# Colored Fog?



## jerekb (Nov 17, 2008)

Is there a way to get colored fog like green. Without using a special light?? If so how?


----------



## derekleffew (Nov 17, 2008)

Gas Dyes. 

Coloured Gases - Science Forums, The Original.


----------



## len (Nov 18, 2008)

jerekb said:


> Is there a way to get colored fog like green. Without using a special light?? If so how?




You really need to burn something, like phosphorus or magnesium, to get a color. And that means pyro, and that means hiring a professional, and is also outside the TOS of this forum, I suspect.


----------



## TheDonkey (Nov 18, 2008)

len said:


> You really need to burn something, like phosphorus or magnesium, to get a color. And that means pyro, and that means hiring a professional, and is also outside the TOS of this forum, I suspect.

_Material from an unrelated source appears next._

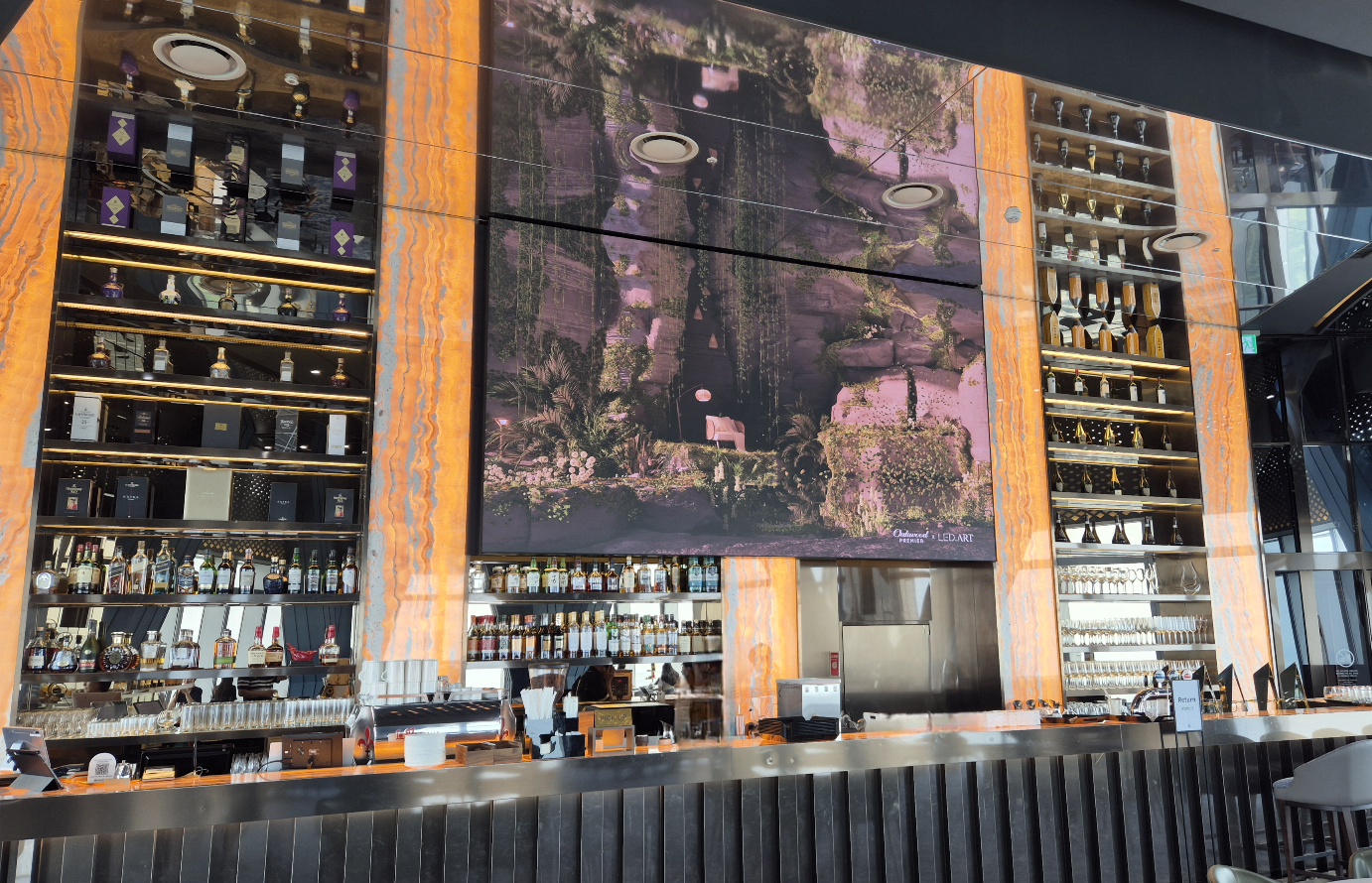 안쪽 바 위에는 미디어 아트 월이 설치되어 있다.

And you wouldn't want people standing in the cloud without full respirator gear >.<


----------



## maccalder (Nov 18, 2008)

Beware the "dies" that people sell for fog machines - they ruin the internals of the machine, and will almost certainly stain anything the fog comes into contact with (and it smells naff). The best looking and easiest way is with lighting.


----------



## MNBallet (Nov 18, 2008)

As others have said, the answer is no. you'd have to go pyro. There are smoke cartridges that come in colors. I use a 7 sec blue for our Sleeping Beauty production and a 30 sec white for our Cinderella. But since your a HS student, pyro is out of the question.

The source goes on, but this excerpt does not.